In the last two months, as Washington's sabre rattling has reached fever pitch, Howard and his cabinet have refused to criticise a single statement of the US government. Calling the Bush gang's desire to take military action against Iraq "understandable", Howard has indicated that Australians could be fighting alongside a US-led invasion force.

On Neil Mitchell's program on Melbourne radio station 3AW on August 2, Howard was asked if it was necessary for UN weapons' inspectors to "have a look" before the US took military action. His response was: "One of the difficulties of course is that the regime in Iraq has been very resistant to United Nations' inspections. It's all very well to say go in and have another look. That assumes that you'll be able to have bona fide look and that is part of the problem."

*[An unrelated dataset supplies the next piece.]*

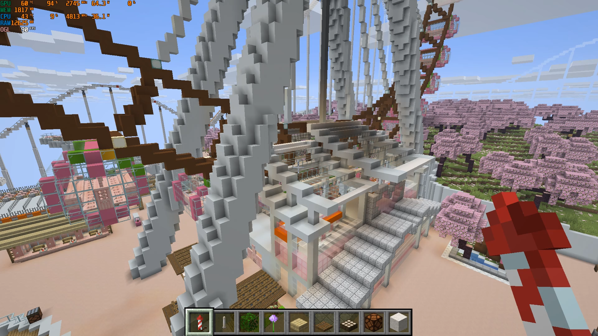 2.Create a world, and build a relatively complex structure in it that consists of a large number of blocks such as glass, trapdoors and fences—for example, a ferris wheel or a carousel.

Other comments on the same program made the government's support for US military action clear: "If you don't do something now [Iraq] will perhaps acquire a nuclear capacity, [it] might in the not too distant future use [its] weapons of mass destruction against neighbours, against Israel but not only Israel, against other countries ... unless you act sooner rather than later it will be too late and the world will then turn around and say to the United States why didn't you do something about this problem ... In the end it is always in Australia's national interest to see that the threat posed by people like [Iraqi President] Saddam [Hussein] is not allowed to go completely unchecked."

However, after Bush's September 12 address to the UN, Howard switched tack slightly, insisting in a September 13 interview on radio station 3LO that, "We've made it clear to the United Nations ... that we favour the United Nations doing its job". He was clear, however, that if it didn't "do its job", Australia would consider supporting a US-led attack on Iraq.

The Coalition government's complete toadying to the US was most apparent following the September 16 announcement that Iraq would let UN weapons inspectors back into the country. After "cautiously greeting" the news, Howard waited until Bush had trivialised the offer before making a statement to parliament condemning the "significant omissions" in the offer that he had "discovered on further perusal".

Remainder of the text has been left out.